- **About this exercise**
Return every line of the records, exact and in full, until you have returned the line with "NARITA PREMIER LOUNGE", and include none of the pictures.

- **Source data**
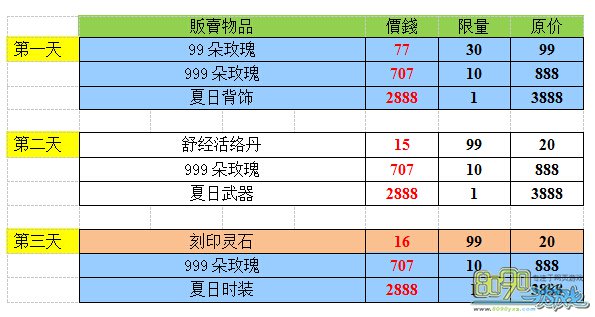 累计消费2888元宝可获得: 随机进阶包*10、高级铜币卡*15、99朵玫瑰*5
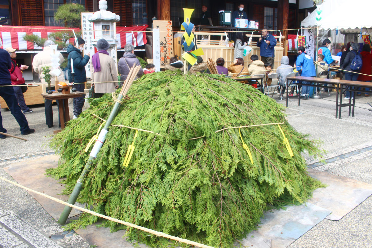 境内の中央には杉の葉が詰まれ、その周りを結界で囲んでいます!こちらで後ほどお焚き上げが行われるとのこと!
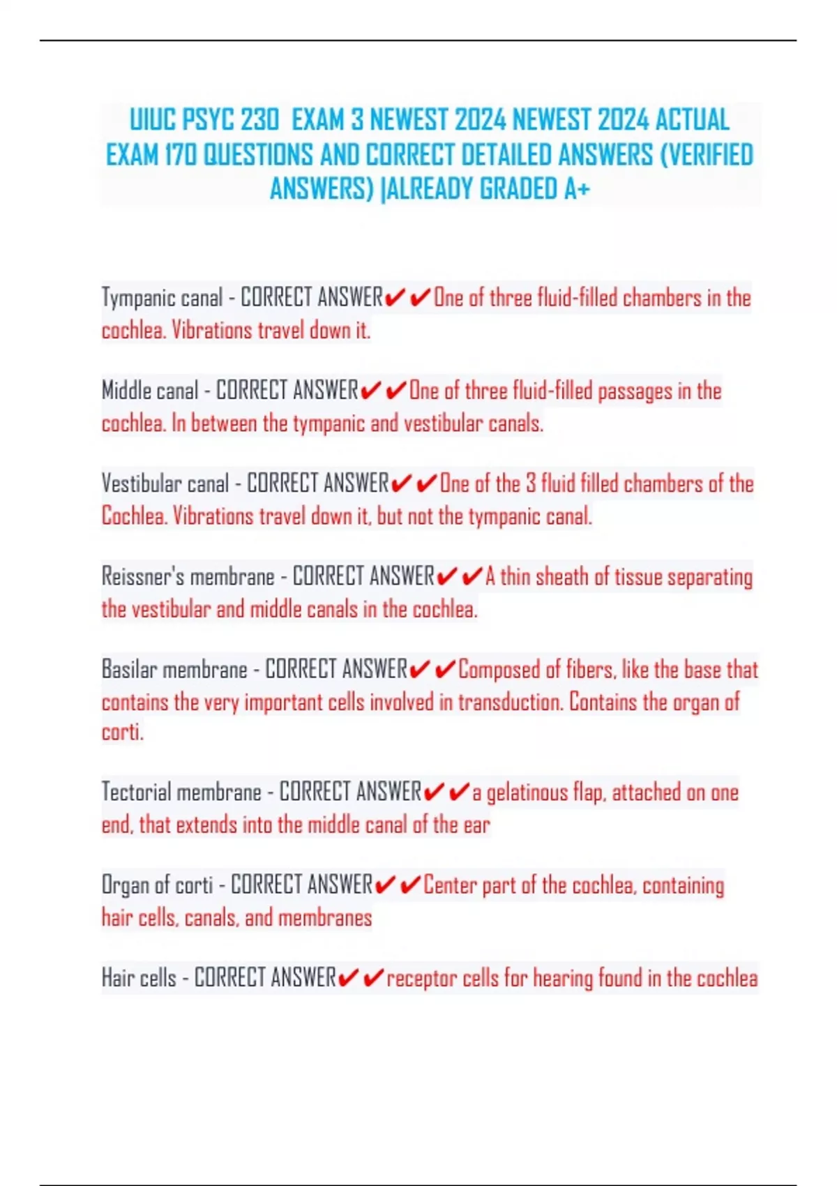 PSYC 230 UIUC FINAL 2024 NEWEST ACTUAL EXAM 150 QUESTIONS AND CORRECT DETAILED ANSWERS (VERIFIED ANSWERS) |ALREADY GRADED A+ 2 Exam (elaborations) PSYC 230 UIUC EXAM 1 NEWEST VERSION|120+ QUESTIONS AND ANSWERS 100% CORRECT 3 Exam (elaborations) PSYC 230 UIUC EXAM 3 |2024 NEWEST 2024 ACTUAL EXAM 170 QUESTIONS AND CORRECT DETAILED ANSWERS (VERIFIED
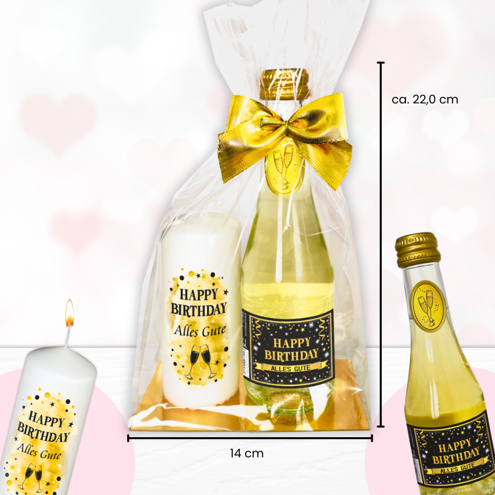 Die Geschenkverpackung ist ebenso stilvoll wie der Inhalt. Die Stumpenkerze und der Piccolo Sekt sind in einer edlen Folientüte auf goldfarbener Pappe verpackt und mit einer goldenen Schleife verziert. Die Verpackungsgröße beträgt 14,0 x 22,0 x 8,5 cm, was das Geschenkset zu einer beeindruckenden Präsentation macht.
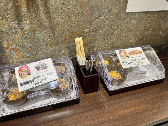 NARITA PREMIER LOUNGE には、ちょっと意外な「おまけの楽しみ」として、日清食品の即席麺が用意されています。
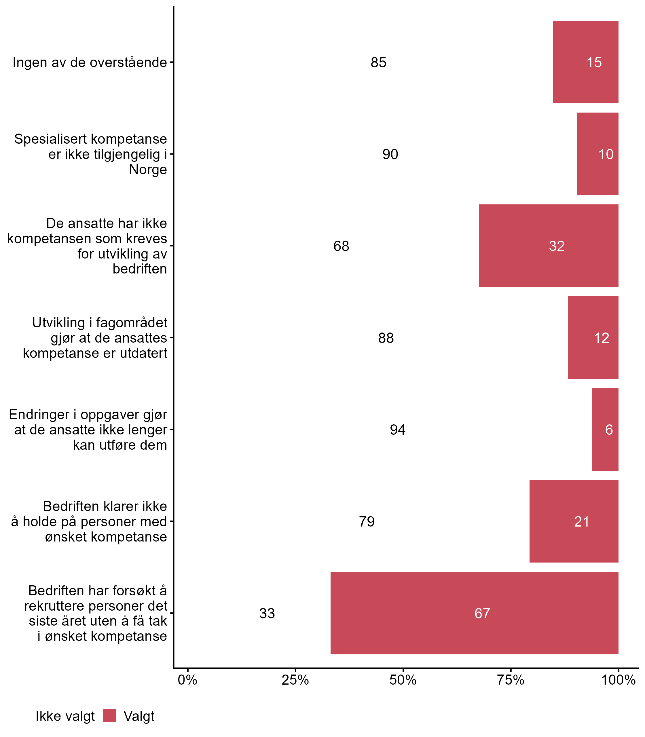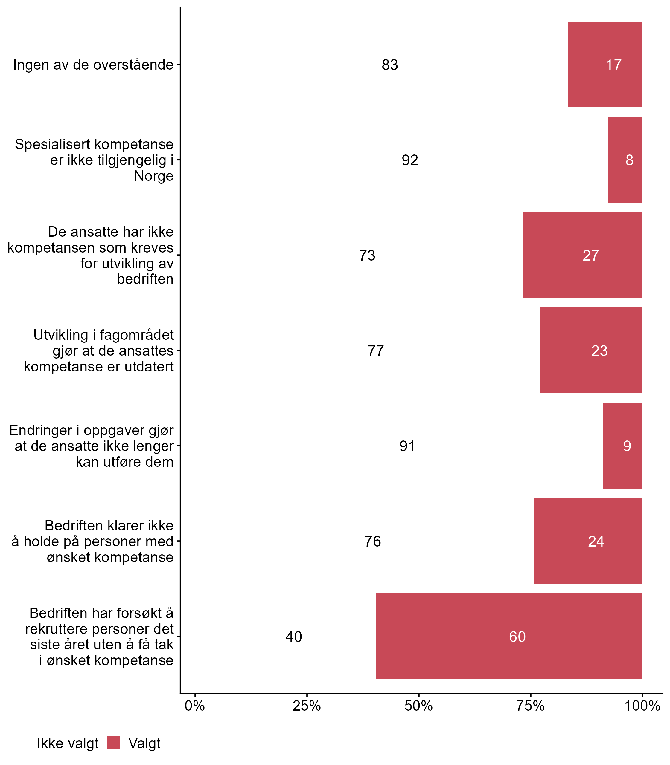 I dette kapittelet kan du sammenligne NHO Reiseliv med andre bedrifters svar på spørsmål om kompetansebehov. Dette inkluderer i hvilken grad bedriften har behov for kompetanse innen spesifikke fagområder og utdanningsnivåer, samt årsaker til, og konsekvenser av, kompetansebehovet, og hvilke tiltak bedriften har for å dekke kompetansebehovet.
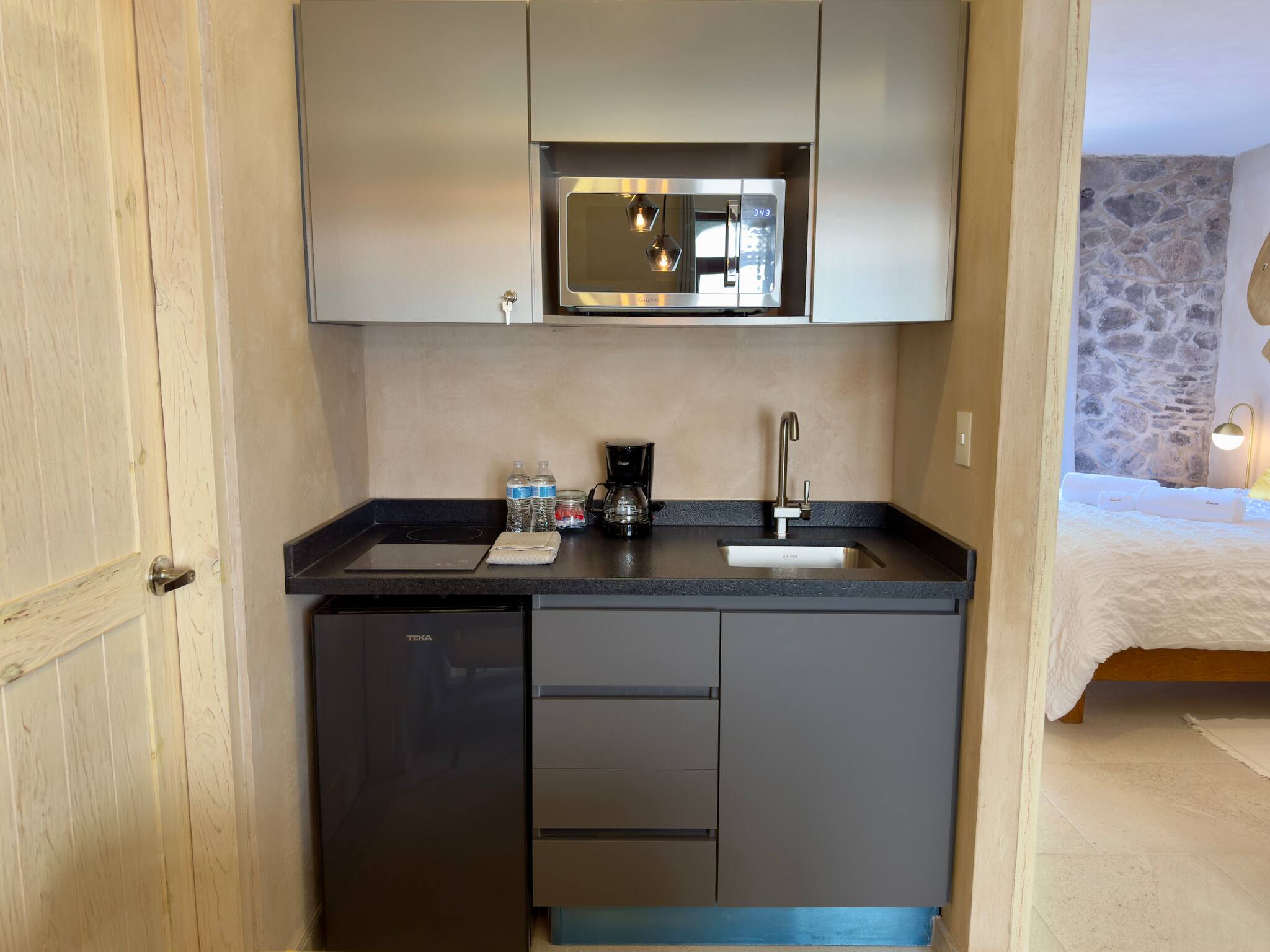 The American kitchen is fully equipped with state-of-the-art appliances, including an induction cooktop, microwave, coffee maker, refrigerator, and all the necessary utensils to prepare delicious meals. In addition, it has a practical work area with WiFi connection for those who need to combine leisure and work.
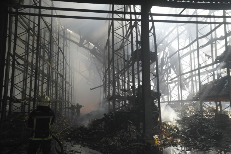 Požiar po ruskom raketovom útoku zachvátil plochu 7-tisíc štvorcových metrov. Hasiči teraz dokončujú záverečné práce, odstraňujú trosky a hasia konštrukcie, aby zabránili opätovnému vzplanutiu.
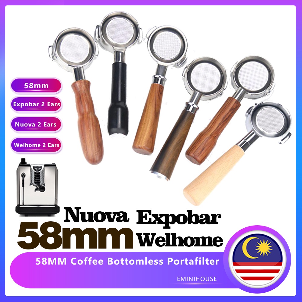 Espresso Coffee Machine Naked Portafilter Stainless Steel Wood Handle Bottomless For Mm
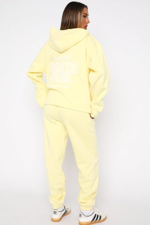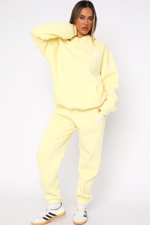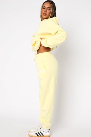 The With Love Always Sweatpants Lemon features a high elasticated drawstring waistband. elasticated ankles. side pockets. soft fleece fabric for extra comfort and puff print logo on side of leg. You can complete the tracksuit with the matching With Love Always Hoodie for the perfect off-duty look.

- **Result of this exercise**
 累计消费2888元宝可获得: 随机进阶包*10、高级铜币卡*15、99朵玫瑰*5
 境内の中央には杉の葉が詰まれ、その周りを結界で囲んでいます!こちらで後ほどお焚き上げが行われるとのこと!
 PSYC 230 UIUC FINAL 2024 NEWEST ACTUAL EXAM 150 QUESTIONS AND CORRECT DETAILED ANSWERS (VERIFIED ANSWERS) |ALREADY GRADED A+ 2 Exam (elaborations) PSYC 230 UIUC EXAM 1 NEWEST VERSION|120+ QUESTIONS AND ANSWERS 100% CORRECT 3 Exam (elaborations) PSYC 230 UIUC EXAM 3 |2024 NEWEST 2024 ACTUAL EXAM 170 QUESTIONS AND CORRECT DETAILED ANSWERS (VERIFIED
 Die Geschenkverpackung ist ebenso stilvoll wie der Inhalt. Die Stumpenkerze und der Piccolo Sekt sind in einer edlen Folientüte auf goldfarbener Pappe verpackt und mit einer goldenen Schleife verziert. Die Verpackungsgröße beträgt 14,0 x 22,0 x 8,5 cm, was das Geschenkset zu einer beeindruckenden Präsentation macht.
 NARITA PREMIER LOUNGE には、ちょっと意外な「おまけの楽しみ」として、日清食品の即席麺が用意されています。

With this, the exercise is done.